For now the Tea Parties' major significance is that they seem to be an authentic expression of the emerging class warfare that is currently scrambling the institutional structures of American political culture. They roused hostility from the beltway political class, all major media outlets except NewsCorp, and the left blogosphere, were mischaracterized and dismissed as a conservative stunt funded and directed by mysterious billionaires and Republican political operatives, were libeled as racists, gun nuts, madmen, secessionists and religious fanatics, and suffered all manner of public calumny.

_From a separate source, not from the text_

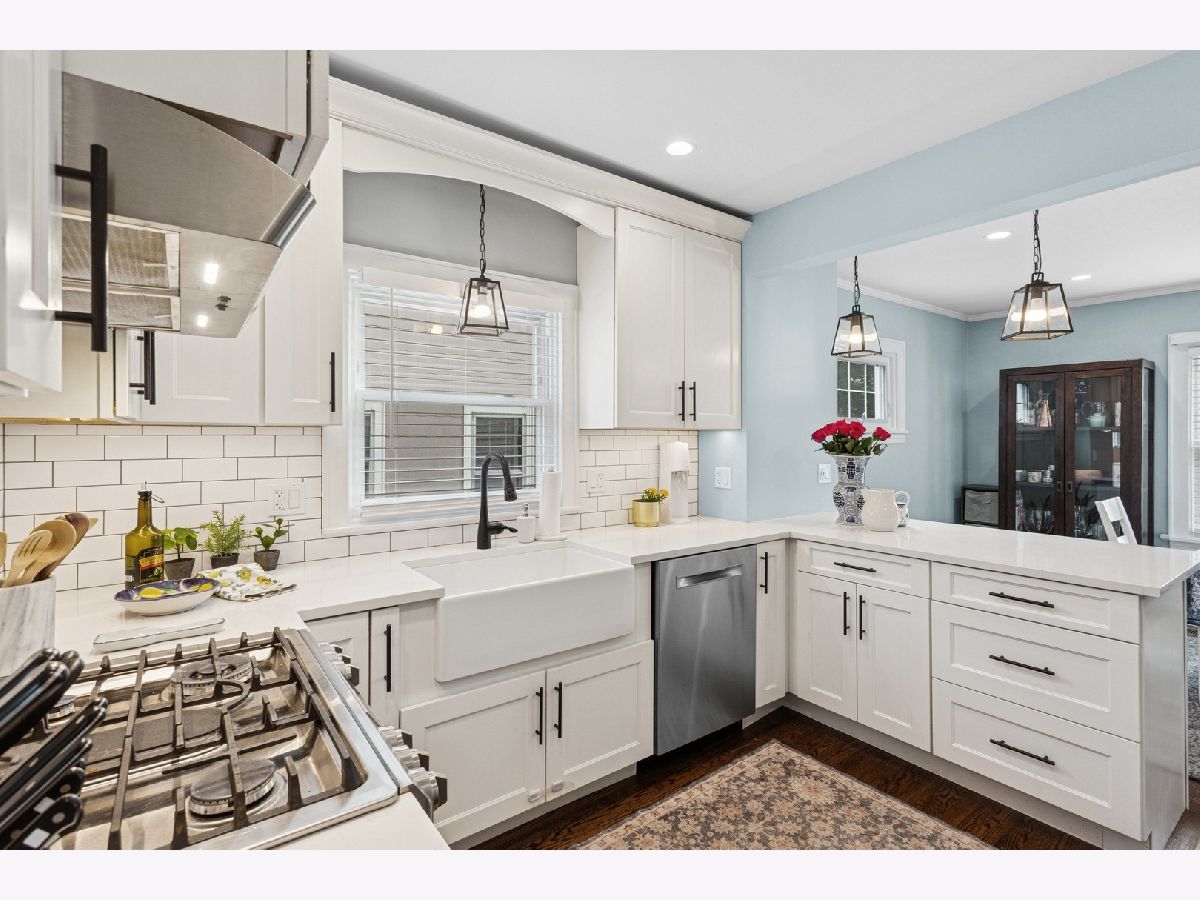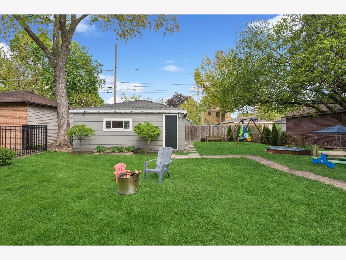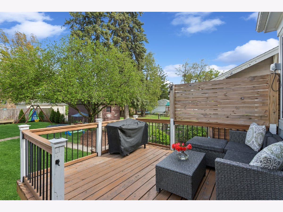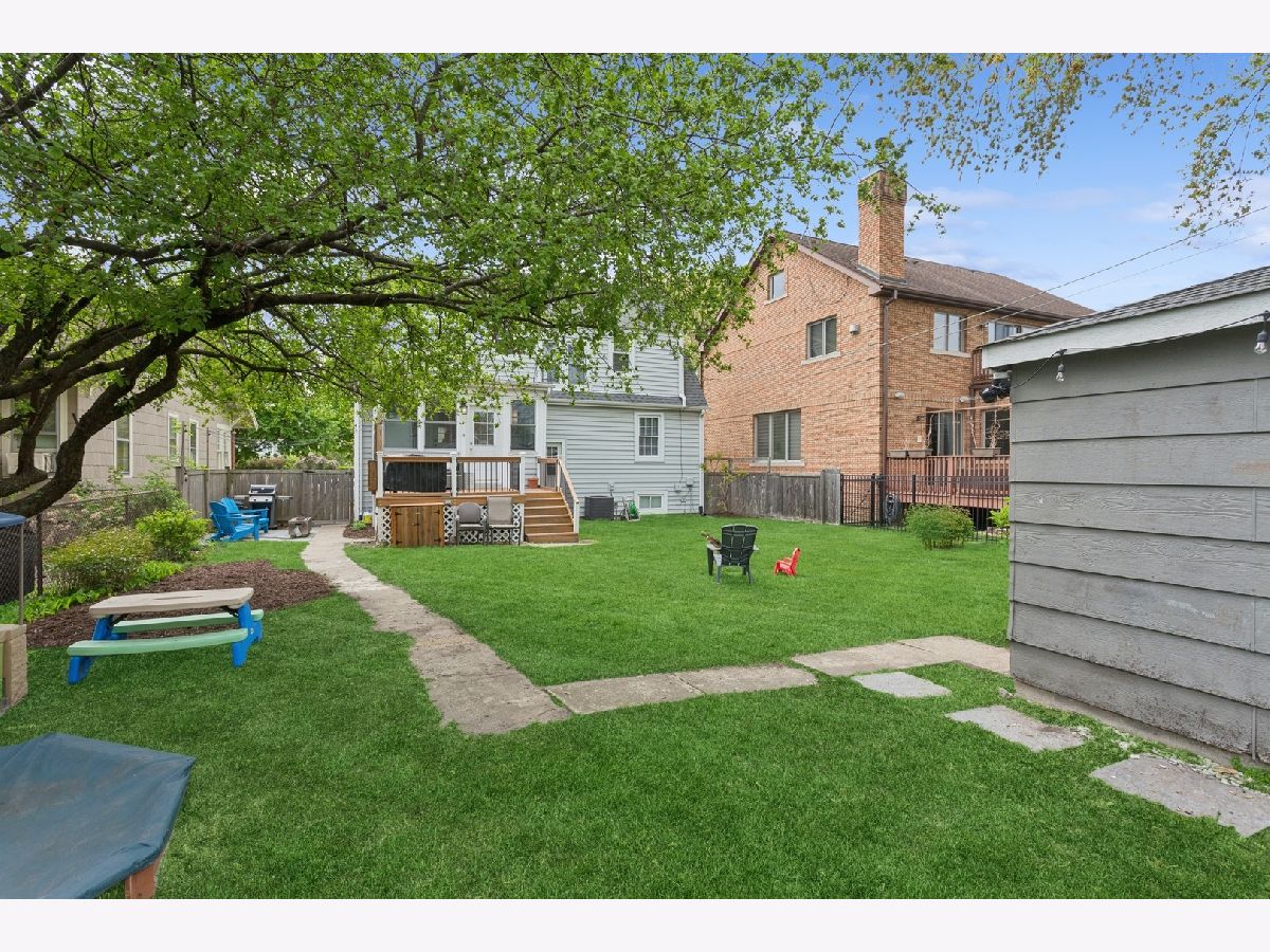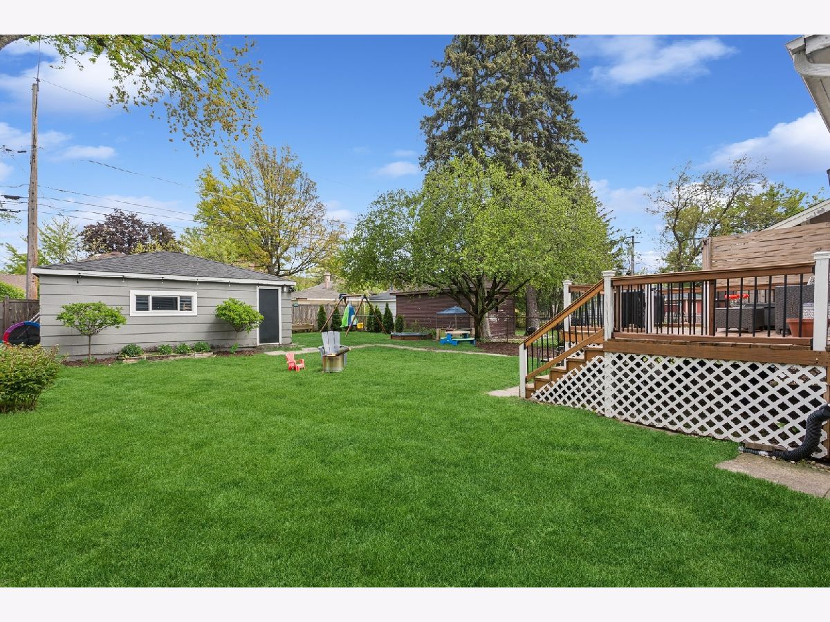 Welcome to this charming 3-BR | 3.1-Bath Cape Cod in the sought-after Carpenter School district! Beautiful updates throughout will tug at your heartstrings from the moment you arrive. Step into the private foyer and you're greeted by an original leaded-glass door, a captivating detail that sets the tone for the warmth and character found throughout the home. The spacious living room features custom built-ins that span the wall, offering both style and storage, while surrounding a cozy fireplace. Elegant sconce lighting adds a touch of sophistication. The kitchen (2020), thoughtfully opened to the dining room, is a true showstopper. It features crisp white cabinetry, white quartz countertops, classic subway tile backsplash, stainless steel appliances, and farmhouse-style fixtures. A breakfast bar with countertop seating finishes this bright and airy space, perfect for entertaining. A convenient mudroom sits just off the kitchen, offering handy storage and access to the roomy deck and large backyard. An updated powder room completes the main level. Upstairs, you'll find three bedrooms, including a primary suite that fits a king-sized bed. The newly added full ensuite bath (2020) showcases a sliding barn door and subway tiles that echo the kitchen's aesthetic. Two additional bedrooms share a full hall bath. The full finished basement offers an additional gathering space for family and friends, along with an oversized fourth bedroom with newer carpet. There's also a third full bath and a laundry room for added convenience. Be pleasantly surprised by the spacious backyard ideal for entertaining, play, and outdoor enjoyment with two distinct zones for relaxing: the deck, plus a remote nook with a mounted TV-your own outdoor retreat! A detached 2.5-car garage with overhead storage completes the exterior. Located in a friendly neighborhood near Centennial Park's pool and fitness center, Uptown's restaurants, bars and shops, Park Ridge Library, Farmers Market, Metra and more-this home has it all!

Even the Department of Homeland Security tried, rather clumsily, to suggest that they represented a dangerous element in American society.
Notably, this hostile reaction included conservative and Republican sources as well as lefties and Dems. The reaction of many Republican politicians and commentators was craven confusion as they flailed about trying to figure out what was the safest way to play the situation. Most office holders lapsed into silence or cheap platitudes, hoping the whole disturbing thing would go away. Others, who did not have to run for office, like David Frum, were openly contempuous [example here].
We have seen similar reactions to other emergent political forces that have a reasonable claim to be the authentic voice of common people. The trashing of Sarah Palin is but the most obvious example.
What is happening here is the breakdown of a stable political order -- a technocratic regime that emerged after World War Two and has steadily increased its control since them. Reactionaries in all parties view this transformation with horror and react violently against it. Revolutionaries, heedless of the consequences, welcome it. Perhaps the most reactionary of all are functionaries and supporters of the current admistration, naive devotees of the cult of credentialed expertise, who openly yearn for a return to mid-twentieth century certainties. Most revolutionary are the insurgents who naively trust in the efficacy of free people, free markets, and free nations. Neither side represents a repository of timeless wisdom, although both pretend to. Victory by either extreme would be disastrous. The old credentialed elite is thoroughly corrupt, probably irredeemably so, and increasingly tyrannical as it extends controls into ever more aspects of American life. But at times the revolutionaries in their quest for freedom verge on anarchism. Neither side sketches what to me seems to be a desirable future.
These, as I have said before, are dark and dangerous times, and the current administration, yearning back toward the Roosevelt and Johnson administration, seeing themselves as the latest incarnation of "The Best and the Brightest" offers nothing in the way of positive leadership. If anything they are making the situation worse..., much worse. But at least these promise to be interesting times, and for an historian that is the best of all possible outcomes.